"Books, Records, Films -- these things matter. Call me shallow but it's the damn truth." - High Fidelity

June 14, 2012

How to admire the Beats



How do you admire Jack Kerouac after you figure out that in the end he made horrible television appearances, hated his fans and fame and drank himself to death in his mother’s house? His friend Dean died drunk in a ditch in Mexico.  I forget his real name.  Burroughs probably wasted a Gastby’s worth of great novels on junk but never died and outlasted all comers.  Bukowski was a drunk.  Thompson a suicide.  

When you really come down to it, the Beat to admire is Allen Ginsberg.  Like Burroughs he lasted forever, but unlike Burroughs he didn’t allow drugs to reduce his output or his international effect.  He was a force to be reckoned with, not a former football player drinking himself to death.  

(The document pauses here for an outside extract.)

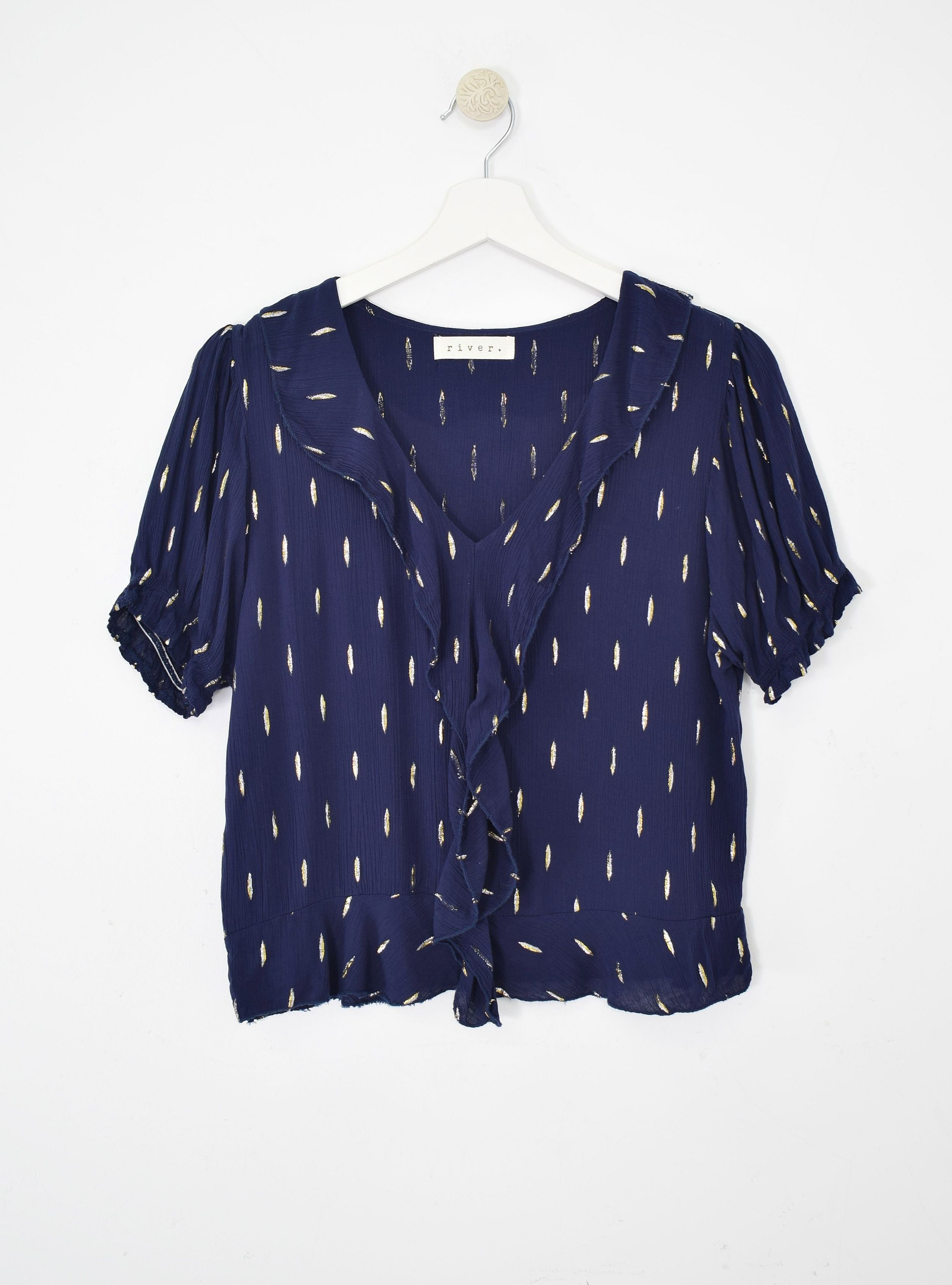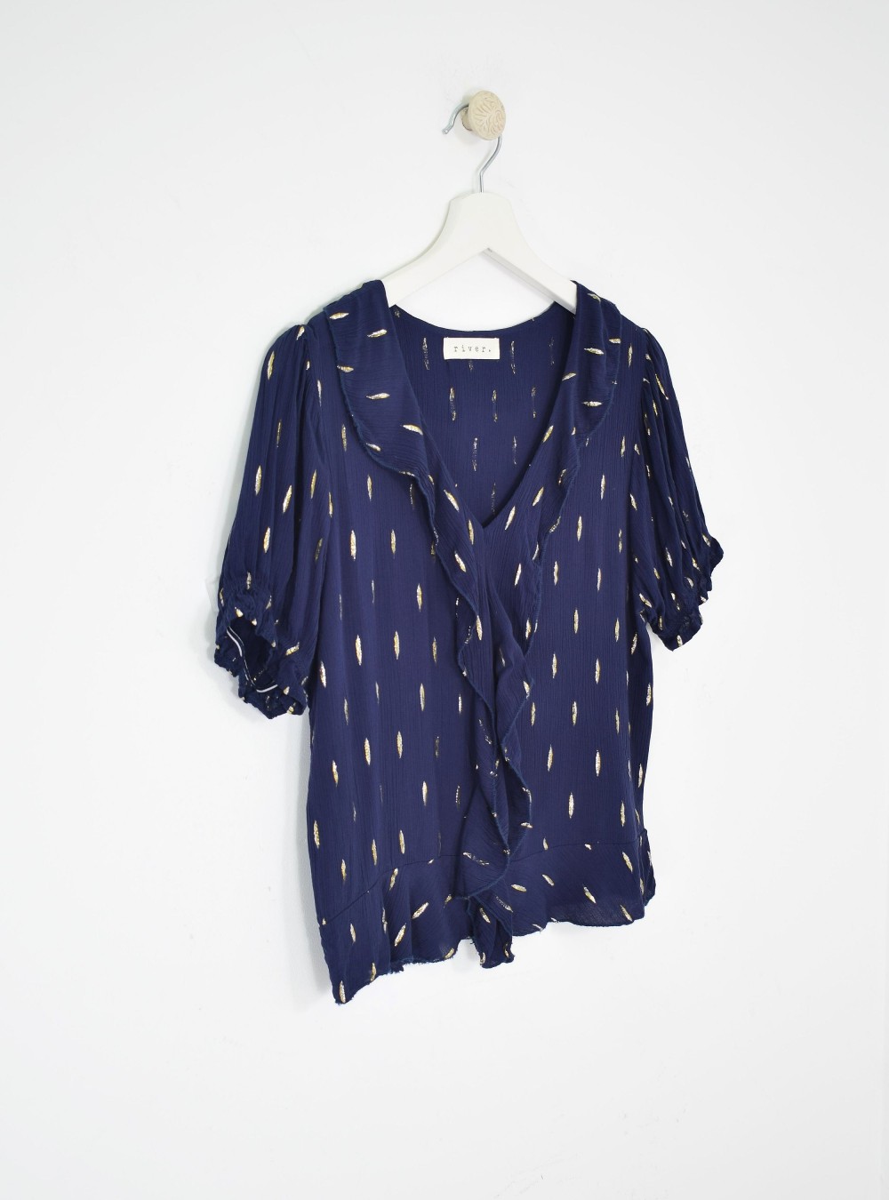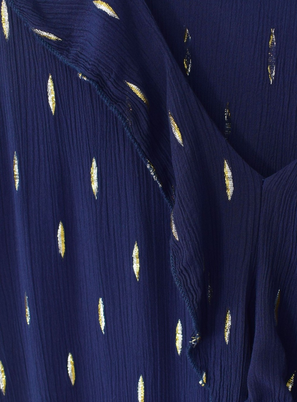 Blusa de manga corta en tejido de viscosa con topos de lurex en plata y dorado. Cuello en pico bordeado por un volante del mismo tejido. Tejido muy suave y con mucha caída. Perfecta para combinar con jeans en la gama de azules, con negro para looks súper estilosos y con colores claros para looks de día.

What was the real deal?  Kerouac wrote about a spirit he didn’t possess or a spirit he once had?  You read his books and are filled with a passion for another world, a world that now doesn’t exist, where you could bum from town to town and get decent jobs without identification and background checks and then be free to spend the money however you want in a multicolored galaxy of shanty towns that are now all converted into cemented over Walmart parking lots.  You can have any color you like as long as it’s black - Henry Ford.  

With Ginsberg there’s something different not only because his poem chronicled the entire group and encompassed a generation, but because he put on a sheet and traveled the world spreading his message and causing chaos wherever he went.  He spent his time with the flower children on the bus and he also got kicked out of quite a few countries for simply expressing his true being.  That’s power.  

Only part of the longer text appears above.